The following are duplicates of the recommendations from earlier parts of the report.
- Explicit charset parameter: All body parts that include human-readable text and are created with a Content-type header should include an explicit charset parameter, even if the charset is US-ASCII.
- Sending UTF-8: All mail-creating programs created or revised after January 1, 1999, must be able to create mail using the UTF-8 charset. Another way to say this is that any program created or revised after January 1, 1999, that cannot create mail using the UTF-8 charset should be considered deficient and lacking in standard internationalization capabilities. Of course, all mail-creating programs should try to meet this requirement as early as possible.

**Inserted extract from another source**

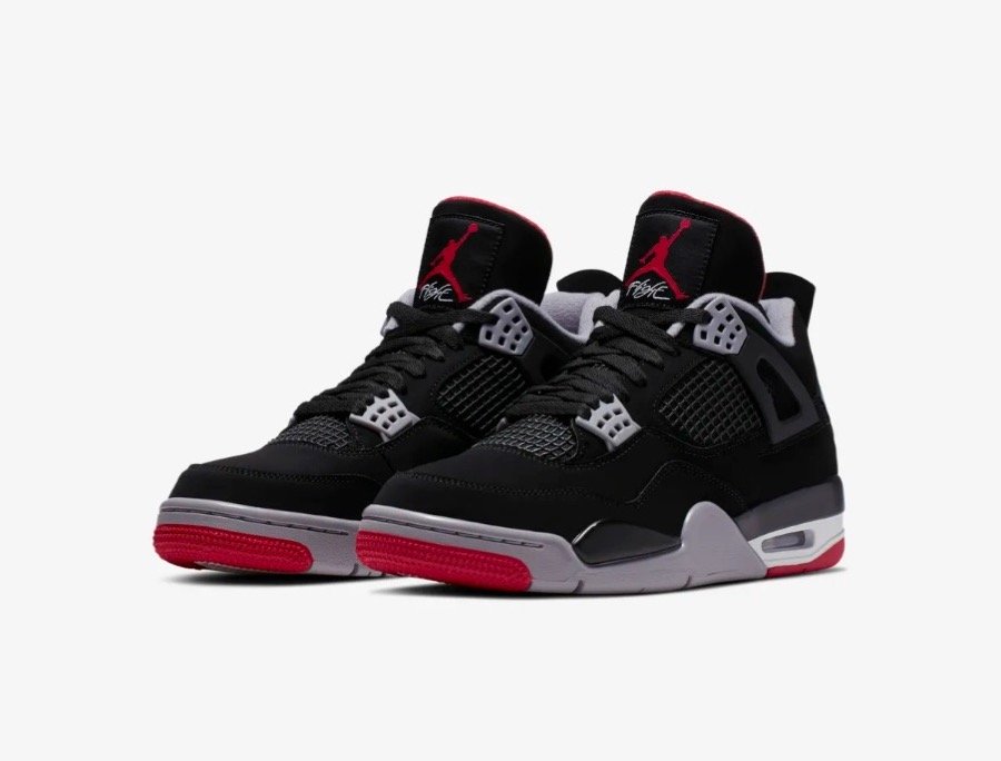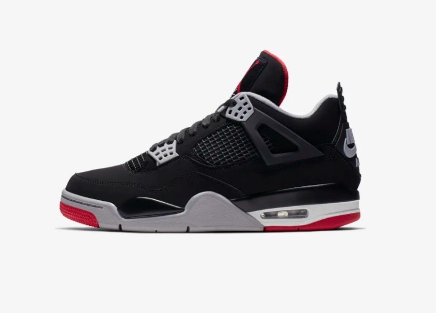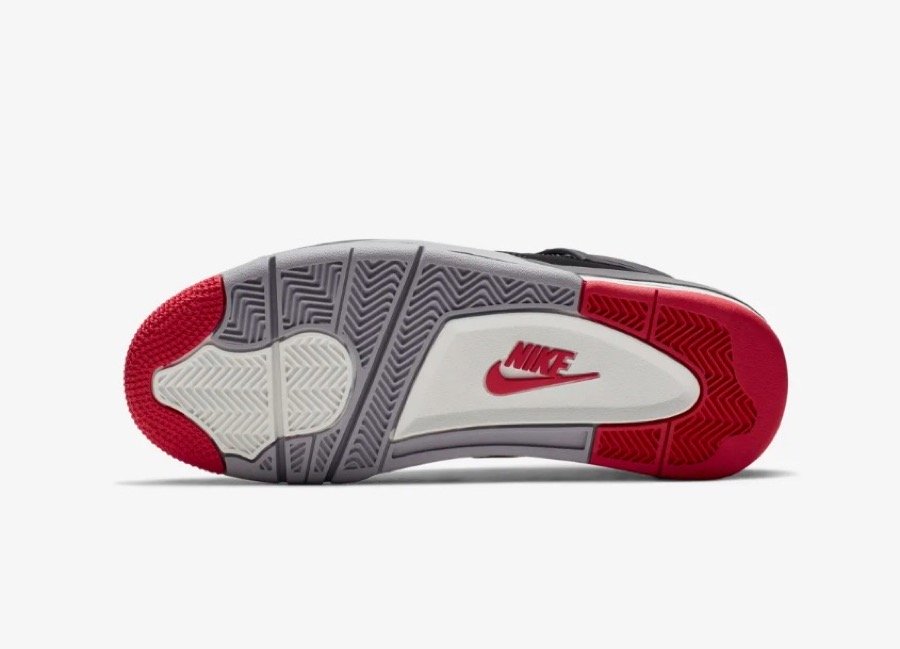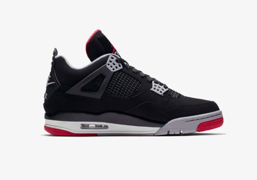 Pour le trentième anniversaire de l’Air Jordan 4, l’édition Black/Cement ou encore Bred (pour Black/Red) est rééditée dans sa condition d’origine.

- Choosing charsets on creation: All mail-creating programs that are controlled by humans should allow the sender to choose the charset used to create a message. These programs should also give advice to the user about the different charsets, such as about the likelihood that the recipient will be able to display a particular charset.
- Specifying languages: All body parts that are created with a Content-type header that includes human-readable text should also include a Content-language header. This practice makes it more likely that programs that process messages where different languages would process differently will process them correctly. Note that the MIME media type does not define whether or not the content is human-readable, and the Content-language header should be used with all types of human-readable content, not just plain text.
- Multi-language text: All plain text body parts that use UTF-8 and have more than one language should use Unicode Language Tags in addition to a Content-language header. However, Unicode Language Tags should only be used with plain text body parts that have more than one language; they should not be used with body parts that have a single language, nor should they be used with structured text body parts such as those coded with HTML.
- Non-ASCII headers: All mail-creating programs should allow users to use non-ASCII characters in message headers, as described in RFC 2047 and RFC 2231. Headers that conform to these two RFCs are not known to harm any mail-displaying process that does not conform to the RFCs. The charsets used in these headers should be chosen using similar methods to choosing charsets for the bodies of the messages to which they are attached.
- Displaying UTF-8: All mail-displaying programs created or revised after January 1, 1999, must be able to display mail that uses the UTF-8 charset. Another way to say this is that any program created or revised after January 1, 1999, that cannot display mail using the UTF-8 charset should be considered deficient and lacking in standard internationalization capabilities. Of course, all mail-displaying programs should try to meet this requirement as early as possible.
- MTAs and 8-bit content: All SMTP servers should support the 8BITMIME extension, as described in RFC 1652.
- Handling all common charsets: All mail-creating and mail-displaying programs created or revised after January 1, 1999, should be able to handle many common charsets in addition to UTF-8. Another way to say this is that any mail-creating and mail-displaying program created or revised after January 1, 1999, that cannot handle a wide variety of common charsets should be considered deficient and lacking in standard internationalization capabilities. Of course, all mail-creating and mail-displaying programs should try to meet this requirement as early as possible.